2192. All Ancestors of a Node in a Directed Acyclic Graph

Problem

You are given a positive integer n representing the number of nodes of a Directed Acyclic Graph (DAG). The nodes are numbered from 0 to n - 1 (inclusive).

You are also given a 2D integer array edges, where edges[i] = [fromi, toi] denotes that there is a unidirectional edge from fromi to toi in the graph.

Return a list answer**, where *answer[i]* is the list of ancestors of the** ith **node, sorted in *ascending order***.

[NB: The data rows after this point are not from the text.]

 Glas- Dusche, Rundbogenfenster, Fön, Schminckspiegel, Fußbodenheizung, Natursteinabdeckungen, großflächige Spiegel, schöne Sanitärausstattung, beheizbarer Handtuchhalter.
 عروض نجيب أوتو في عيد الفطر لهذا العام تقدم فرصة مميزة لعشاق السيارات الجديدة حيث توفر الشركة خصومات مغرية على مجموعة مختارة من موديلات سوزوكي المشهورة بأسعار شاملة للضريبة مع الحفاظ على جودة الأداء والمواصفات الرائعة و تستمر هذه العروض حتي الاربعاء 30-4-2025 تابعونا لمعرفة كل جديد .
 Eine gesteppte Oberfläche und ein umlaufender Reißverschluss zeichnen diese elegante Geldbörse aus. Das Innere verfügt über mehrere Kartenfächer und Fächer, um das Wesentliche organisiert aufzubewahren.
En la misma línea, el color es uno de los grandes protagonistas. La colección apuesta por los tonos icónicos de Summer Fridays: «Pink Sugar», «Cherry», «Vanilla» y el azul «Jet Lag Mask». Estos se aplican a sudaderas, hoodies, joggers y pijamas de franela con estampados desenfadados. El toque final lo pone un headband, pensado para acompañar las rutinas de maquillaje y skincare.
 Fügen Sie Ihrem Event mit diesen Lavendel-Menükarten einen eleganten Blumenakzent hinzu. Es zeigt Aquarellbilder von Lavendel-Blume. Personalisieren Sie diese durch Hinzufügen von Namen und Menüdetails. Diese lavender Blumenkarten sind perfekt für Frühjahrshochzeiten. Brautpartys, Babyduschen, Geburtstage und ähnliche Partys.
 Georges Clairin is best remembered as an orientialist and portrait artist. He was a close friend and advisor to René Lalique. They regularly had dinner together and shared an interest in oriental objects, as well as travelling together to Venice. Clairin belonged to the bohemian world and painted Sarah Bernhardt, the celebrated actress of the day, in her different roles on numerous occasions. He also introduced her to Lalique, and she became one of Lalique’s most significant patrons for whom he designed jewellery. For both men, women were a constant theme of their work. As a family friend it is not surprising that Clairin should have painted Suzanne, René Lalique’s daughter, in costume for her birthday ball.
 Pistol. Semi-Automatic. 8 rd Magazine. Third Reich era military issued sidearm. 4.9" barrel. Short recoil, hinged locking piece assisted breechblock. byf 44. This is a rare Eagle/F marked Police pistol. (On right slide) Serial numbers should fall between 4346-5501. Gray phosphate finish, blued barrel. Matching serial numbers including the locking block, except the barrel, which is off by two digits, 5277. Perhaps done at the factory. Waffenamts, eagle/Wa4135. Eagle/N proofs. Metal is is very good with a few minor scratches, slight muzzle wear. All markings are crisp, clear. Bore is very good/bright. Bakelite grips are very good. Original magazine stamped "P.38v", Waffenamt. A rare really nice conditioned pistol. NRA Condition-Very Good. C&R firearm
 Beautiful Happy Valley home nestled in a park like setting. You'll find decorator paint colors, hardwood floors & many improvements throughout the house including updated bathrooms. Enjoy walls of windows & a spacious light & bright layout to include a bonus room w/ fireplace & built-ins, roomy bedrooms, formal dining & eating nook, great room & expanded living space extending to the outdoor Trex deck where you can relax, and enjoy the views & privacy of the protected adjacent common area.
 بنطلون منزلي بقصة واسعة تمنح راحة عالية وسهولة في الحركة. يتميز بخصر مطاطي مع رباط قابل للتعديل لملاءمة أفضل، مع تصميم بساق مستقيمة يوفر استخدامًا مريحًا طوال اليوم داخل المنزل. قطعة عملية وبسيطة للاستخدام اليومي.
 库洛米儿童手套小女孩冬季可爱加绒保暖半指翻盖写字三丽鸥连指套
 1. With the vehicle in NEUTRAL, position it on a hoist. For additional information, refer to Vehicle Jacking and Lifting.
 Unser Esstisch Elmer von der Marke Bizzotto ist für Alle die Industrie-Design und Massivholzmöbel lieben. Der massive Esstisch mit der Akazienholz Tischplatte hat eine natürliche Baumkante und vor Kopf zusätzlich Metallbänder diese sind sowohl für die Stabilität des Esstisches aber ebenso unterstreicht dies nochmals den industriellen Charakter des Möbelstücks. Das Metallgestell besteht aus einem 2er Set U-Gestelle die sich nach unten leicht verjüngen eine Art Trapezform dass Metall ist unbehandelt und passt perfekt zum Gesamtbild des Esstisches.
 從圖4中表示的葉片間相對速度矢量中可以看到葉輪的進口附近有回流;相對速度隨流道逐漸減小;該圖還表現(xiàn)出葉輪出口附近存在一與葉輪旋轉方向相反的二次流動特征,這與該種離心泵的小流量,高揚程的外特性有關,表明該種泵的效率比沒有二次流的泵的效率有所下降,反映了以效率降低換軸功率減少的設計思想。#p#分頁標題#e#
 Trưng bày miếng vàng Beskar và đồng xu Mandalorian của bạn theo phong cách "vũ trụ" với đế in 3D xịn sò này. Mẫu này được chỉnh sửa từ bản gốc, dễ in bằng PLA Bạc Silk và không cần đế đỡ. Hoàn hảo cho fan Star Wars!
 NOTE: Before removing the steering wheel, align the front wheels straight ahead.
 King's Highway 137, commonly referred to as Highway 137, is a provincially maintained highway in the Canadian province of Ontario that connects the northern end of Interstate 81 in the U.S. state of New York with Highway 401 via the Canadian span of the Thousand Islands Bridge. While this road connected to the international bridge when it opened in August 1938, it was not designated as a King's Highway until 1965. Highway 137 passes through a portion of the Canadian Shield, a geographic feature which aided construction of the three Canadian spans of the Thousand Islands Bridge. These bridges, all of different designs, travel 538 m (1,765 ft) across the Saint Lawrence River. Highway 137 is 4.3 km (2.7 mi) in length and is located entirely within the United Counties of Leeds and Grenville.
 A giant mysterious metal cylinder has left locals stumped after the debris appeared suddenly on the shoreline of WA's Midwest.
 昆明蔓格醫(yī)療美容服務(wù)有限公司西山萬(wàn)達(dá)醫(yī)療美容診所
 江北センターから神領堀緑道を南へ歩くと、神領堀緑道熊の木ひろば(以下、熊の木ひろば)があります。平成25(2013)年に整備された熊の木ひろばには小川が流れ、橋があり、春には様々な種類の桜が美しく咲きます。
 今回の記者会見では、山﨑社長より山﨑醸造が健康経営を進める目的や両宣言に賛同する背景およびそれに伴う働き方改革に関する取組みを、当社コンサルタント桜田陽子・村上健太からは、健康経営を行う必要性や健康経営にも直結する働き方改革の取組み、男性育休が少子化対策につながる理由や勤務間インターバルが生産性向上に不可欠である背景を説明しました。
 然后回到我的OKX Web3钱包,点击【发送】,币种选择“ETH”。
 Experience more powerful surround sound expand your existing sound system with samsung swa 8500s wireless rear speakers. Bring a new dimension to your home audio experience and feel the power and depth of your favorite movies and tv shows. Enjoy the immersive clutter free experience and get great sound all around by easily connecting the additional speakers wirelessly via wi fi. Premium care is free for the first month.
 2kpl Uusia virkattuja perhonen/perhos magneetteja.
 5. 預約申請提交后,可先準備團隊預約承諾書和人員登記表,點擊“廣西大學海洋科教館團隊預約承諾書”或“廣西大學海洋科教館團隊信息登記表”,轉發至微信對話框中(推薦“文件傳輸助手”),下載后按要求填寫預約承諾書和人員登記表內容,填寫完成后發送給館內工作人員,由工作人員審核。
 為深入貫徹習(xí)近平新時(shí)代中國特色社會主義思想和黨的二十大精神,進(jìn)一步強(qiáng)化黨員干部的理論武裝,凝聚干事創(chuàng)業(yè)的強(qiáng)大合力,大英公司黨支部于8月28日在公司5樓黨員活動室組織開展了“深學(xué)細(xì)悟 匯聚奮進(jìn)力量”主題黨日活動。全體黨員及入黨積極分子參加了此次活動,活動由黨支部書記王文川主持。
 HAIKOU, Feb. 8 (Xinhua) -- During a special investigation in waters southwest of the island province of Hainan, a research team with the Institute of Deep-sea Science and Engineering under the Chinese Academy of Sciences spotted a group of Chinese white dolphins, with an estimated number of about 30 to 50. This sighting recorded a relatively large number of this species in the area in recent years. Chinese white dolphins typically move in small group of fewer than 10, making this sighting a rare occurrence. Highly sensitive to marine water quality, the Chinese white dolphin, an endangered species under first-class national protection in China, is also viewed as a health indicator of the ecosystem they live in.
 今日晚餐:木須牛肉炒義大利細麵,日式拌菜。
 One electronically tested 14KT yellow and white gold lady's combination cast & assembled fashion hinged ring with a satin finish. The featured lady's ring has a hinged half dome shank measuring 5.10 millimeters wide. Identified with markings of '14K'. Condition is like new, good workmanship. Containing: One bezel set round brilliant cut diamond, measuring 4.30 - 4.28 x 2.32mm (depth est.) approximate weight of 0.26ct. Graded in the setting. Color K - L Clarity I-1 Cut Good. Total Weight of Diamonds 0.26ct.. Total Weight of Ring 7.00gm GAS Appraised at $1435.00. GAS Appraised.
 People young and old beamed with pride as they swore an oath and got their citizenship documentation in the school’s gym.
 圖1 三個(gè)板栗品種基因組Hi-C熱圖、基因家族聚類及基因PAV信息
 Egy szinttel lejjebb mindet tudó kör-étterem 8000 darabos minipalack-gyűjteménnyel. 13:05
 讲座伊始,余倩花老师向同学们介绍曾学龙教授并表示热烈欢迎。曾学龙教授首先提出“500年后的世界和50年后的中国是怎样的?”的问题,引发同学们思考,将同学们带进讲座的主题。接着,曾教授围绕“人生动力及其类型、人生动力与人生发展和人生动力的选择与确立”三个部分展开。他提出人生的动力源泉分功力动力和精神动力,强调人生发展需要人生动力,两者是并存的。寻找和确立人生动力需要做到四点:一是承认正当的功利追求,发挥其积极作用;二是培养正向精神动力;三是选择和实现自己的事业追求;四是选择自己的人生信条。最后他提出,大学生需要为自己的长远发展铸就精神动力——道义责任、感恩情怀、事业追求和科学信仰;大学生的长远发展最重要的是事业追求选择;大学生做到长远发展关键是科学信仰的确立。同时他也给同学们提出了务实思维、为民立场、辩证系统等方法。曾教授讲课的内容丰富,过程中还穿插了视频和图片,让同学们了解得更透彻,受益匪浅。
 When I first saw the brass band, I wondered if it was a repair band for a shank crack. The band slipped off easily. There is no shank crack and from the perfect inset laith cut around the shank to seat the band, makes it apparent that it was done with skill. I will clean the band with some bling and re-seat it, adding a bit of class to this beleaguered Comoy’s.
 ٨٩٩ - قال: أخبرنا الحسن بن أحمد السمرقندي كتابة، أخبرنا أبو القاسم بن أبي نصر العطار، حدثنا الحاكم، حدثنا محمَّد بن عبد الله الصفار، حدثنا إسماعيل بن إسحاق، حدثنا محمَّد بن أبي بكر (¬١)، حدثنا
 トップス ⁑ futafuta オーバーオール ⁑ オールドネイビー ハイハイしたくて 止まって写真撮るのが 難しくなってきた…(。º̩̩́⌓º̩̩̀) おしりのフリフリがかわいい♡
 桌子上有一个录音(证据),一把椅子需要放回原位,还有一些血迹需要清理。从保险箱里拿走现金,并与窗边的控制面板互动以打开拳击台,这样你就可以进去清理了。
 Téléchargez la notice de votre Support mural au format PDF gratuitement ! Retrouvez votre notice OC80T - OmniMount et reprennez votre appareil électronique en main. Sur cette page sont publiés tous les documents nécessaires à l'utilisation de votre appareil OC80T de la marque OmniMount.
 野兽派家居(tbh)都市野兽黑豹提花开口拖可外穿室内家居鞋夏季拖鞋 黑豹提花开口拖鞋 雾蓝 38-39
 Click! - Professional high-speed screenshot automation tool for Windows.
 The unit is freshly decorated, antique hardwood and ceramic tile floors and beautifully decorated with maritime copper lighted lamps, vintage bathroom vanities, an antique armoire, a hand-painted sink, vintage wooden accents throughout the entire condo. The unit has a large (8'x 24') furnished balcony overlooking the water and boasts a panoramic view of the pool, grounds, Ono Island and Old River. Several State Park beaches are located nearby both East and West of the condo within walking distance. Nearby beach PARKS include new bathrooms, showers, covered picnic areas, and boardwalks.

A node u is an ancestor of another node v if u can reach v via a set of edges.

  Example 1:

Input: n = 8, edgeList = [[0,3],[0,4],[1,3],[2,4],[2,7],[3,5],[3,6],[3,7],[4,6]]
Output: [[],[],[],[0,1],[0,2],[0,1,3],[0,1,2,3,4],[0,1,2,3]]
Explanation:
The above diagram represents the input graph.
- Nodes 0, 1, and 2 do not have any ancestors.
- Node 3 has two ancestors 0 and 1.
- Node 4 has two ancestors 0 and 2.
- Node 5 has three ancestors 0, 1, and 3.
- Node 6 has five ancestors 0, 1, 2, 3, and 4.
- Node 7 has four ancestors 0, 1, 2, and 3.

Example 2:

Input: n = 5, edgeList = [[0,1],[0,2],[0,3],[0,4],[1,2],[1,3],[1,4],[2,3],[2,4],[3,4]]
Output: [[],[0],[0,1],[0,1,2],[0,1,2,3]]
Explanation:
The above diagram represents the input graph.
- Node 0 does not have any ancestor.
- Node 1 has one ancestor 0.
- Node 2 has two ancestors 0 and 1.
- Node 3 has three ancestors 0, 1, and 2.
- Node 4 has four ancestors 0, 1, 2, and 3.

  Constraints:

• 1 <= n <= 1000

• 0 <= edges.length <= min(2000, n * (n - 1) / 2)

• edges[i].length == 2

• 0 <= fromi, toi <= n - 1

• fromi != toi

• There are no duplicate edges.

• The graph is directed and acyclic.

Solution (Java)

class Solution {
    private List<List<Integer>> adjList;
    private List<List<Integer>> result;

    public List<List<Integer>> getAncestors(int n, int[][] edges) {
        this.adjList = new ArrayList<>();
        this.result = new ArrayList<>();
        for (int i = 0; i < n; i++) {
            adjList.add(new ArrayList<>());
            result.add(new ArrayList<>());
        }
        for (int[] edge : edges) {
            int start = edge[0];
            int end = edge[1];
            adjList.get(start).add(end);
        }
        //  DFS for each node from 0 --> n , and add that node as root/parent into each reachable
        // node and their child
        //  Use visited[] to identify if any of the child or their childs are already visited for
        // that perticular root/parent,
        //  so will not add the root to avoid duplicacy and call reduction .
        for (int i = 0; i < n; i++) {
            boolean[] visited = new boolean[n];
            List<Integer> childList = adjList.get(i);
            for (Integer child : childList) {
                if (!visited[child]) {
                    dfs(i, child, visited);
                }
            }
        }
        return result;
    }

    private void dfs(int root, int node, boolean[] visited) {
        if (visited[node]) {
            return;
        }
        visited[node] = true;
        result.get(node).add(root);
        List<Integer> childList = adjList.get(node);
        for (Integer child : childList) {
            if (!visited[child]) {
                dfs(root, child, visited);
            }
        }
    }
}

Explain:

nope.

Complexity:

• Time complexity : O(n).
• Space complexity : O(n).